Ghana’s inflation rate has fallen to its lowest in more than three years, offering households and businesses a rare sigh of relief. But the Ghana Statistical Service (GSS) says this moment of calm won’t last unless the government takes bold, region-specific action, especially on food.
The year-on-year inflation rate for June dropped sharply to 13.7%, down from 18.4% in May. It’s the sixth consecutive monthly drop and the lowest since December 2021. Even better for consumers: prices actually fell by 1.2% between May and June.
But the GSS, in its official release, issued a firm caution: “Since food remains the dominant inflation driver, government should continue to invest in transport infrastructure, irrigation, food storage, and market linkages, particularly in the North, where food inflation is high.”

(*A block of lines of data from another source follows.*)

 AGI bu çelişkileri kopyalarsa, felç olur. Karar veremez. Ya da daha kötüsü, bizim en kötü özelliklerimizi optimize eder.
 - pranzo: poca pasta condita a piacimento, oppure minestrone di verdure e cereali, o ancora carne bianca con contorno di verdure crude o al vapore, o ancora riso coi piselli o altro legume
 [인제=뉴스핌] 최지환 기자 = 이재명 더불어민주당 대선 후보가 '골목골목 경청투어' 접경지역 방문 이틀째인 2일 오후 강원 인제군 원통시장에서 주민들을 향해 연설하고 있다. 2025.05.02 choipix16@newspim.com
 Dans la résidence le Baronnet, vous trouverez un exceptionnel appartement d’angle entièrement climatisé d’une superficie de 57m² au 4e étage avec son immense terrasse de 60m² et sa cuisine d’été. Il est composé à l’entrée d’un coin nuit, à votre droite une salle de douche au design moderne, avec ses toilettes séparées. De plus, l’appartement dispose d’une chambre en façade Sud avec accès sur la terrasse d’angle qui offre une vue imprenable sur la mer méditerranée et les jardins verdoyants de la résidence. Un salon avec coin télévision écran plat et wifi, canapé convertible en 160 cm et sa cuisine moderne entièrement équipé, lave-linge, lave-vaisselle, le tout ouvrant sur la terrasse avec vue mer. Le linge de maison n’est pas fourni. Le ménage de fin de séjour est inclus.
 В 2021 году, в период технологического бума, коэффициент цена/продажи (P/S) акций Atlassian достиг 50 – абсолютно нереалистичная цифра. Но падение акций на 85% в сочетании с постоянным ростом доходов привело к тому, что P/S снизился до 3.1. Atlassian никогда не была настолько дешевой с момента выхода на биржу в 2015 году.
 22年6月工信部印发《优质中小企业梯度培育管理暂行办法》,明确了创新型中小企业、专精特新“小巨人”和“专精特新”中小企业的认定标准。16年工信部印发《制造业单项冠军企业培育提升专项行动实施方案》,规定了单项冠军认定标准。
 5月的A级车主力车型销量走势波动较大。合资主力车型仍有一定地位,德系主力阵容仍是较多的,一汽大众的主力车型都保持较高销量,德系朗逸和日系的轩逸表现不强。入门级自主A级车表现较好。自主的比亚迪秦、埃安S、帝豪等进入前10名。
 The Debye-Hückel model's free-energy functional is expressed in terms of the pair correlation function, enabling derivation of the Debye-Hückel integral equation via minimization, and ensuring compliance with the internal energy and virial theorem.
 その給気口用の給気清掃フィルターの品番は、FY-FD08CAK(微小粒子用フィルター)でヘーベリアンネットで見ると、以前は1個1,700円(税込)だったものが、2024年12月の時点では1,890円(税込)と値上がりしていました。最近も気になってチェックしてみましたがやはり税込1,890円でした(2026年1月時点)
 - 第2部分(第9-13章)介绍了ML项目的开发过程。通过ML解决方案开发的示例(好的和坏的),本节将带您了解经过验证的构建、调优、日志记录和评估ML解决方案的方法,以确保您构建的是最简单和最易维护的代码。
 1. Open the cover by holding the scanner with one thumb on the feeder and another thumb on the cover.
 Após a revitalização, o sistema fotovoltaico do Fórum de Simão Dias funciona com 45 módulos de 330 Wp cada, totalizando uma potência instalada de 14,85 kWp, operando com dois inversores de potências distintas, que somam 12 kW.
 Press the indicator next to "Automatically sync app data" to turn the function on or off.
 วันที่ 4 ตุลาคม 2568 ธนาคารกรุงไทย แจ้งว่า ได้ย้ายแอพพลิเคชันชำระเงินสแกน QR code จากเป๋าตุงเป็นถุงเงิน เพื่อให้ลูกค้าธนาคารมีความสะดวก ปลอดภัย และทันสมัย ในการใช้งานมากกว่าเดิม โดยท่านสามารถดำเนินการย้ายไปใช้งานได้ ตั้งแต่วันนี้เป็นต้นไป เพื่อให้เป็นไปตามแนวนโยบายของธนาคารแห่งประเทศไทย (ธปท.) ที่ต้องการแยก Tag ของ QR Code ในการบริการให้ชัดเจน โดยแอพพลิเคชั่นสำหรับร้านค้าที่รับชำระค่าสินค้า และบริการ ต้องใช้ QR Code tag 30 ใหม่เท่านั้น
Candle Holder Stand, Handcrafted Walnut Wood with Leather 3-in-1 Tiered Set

Food inflation remains stubborn, contributing more than half of the overall rate, 7 out of the 13.7 percentage points recorded. In the Upper West Region, overall inflation stood at a staggering 32.3%, with food prices playing a central role.

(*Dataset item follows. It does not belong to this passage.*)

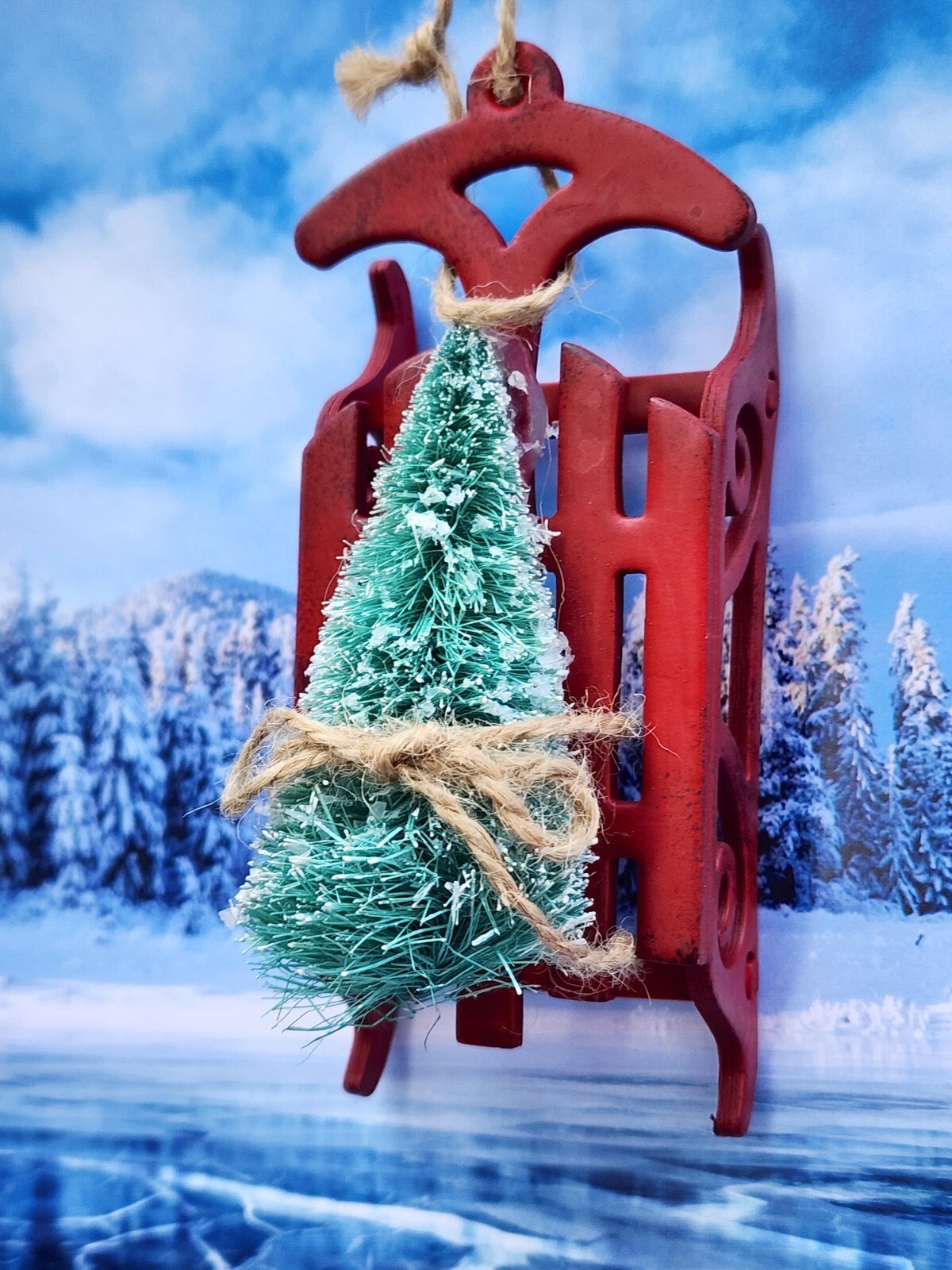 Country Red Sled with tree BB Ranch Cowboy Western Christmas Ornament New NWT

The GSS says a one-size-fits-all policy approach won’t work. “Blanket policies will not be effective given wide regional disparities in inflation,” the Service warned. It’s urging government to “expand targeted LEAP support, NHIS outreach, school feeding programmes, and undertake price monitoring in high-inflation areas to ensure equity in response.”
Beyond social protection, the GSS is pushing for macroeconomic discipline. “Lock in the inflation gains and stay the course on fiscal consolidation, implementation of strategic growth initiatives and appropriate monetary policy,” the release advised.
The call comes at a critical time. With food and utility costs still straining household budgets, and rent, refuse disposal, and electricity among the top contributors to inflation, policymakers are being warned not to get comfortable.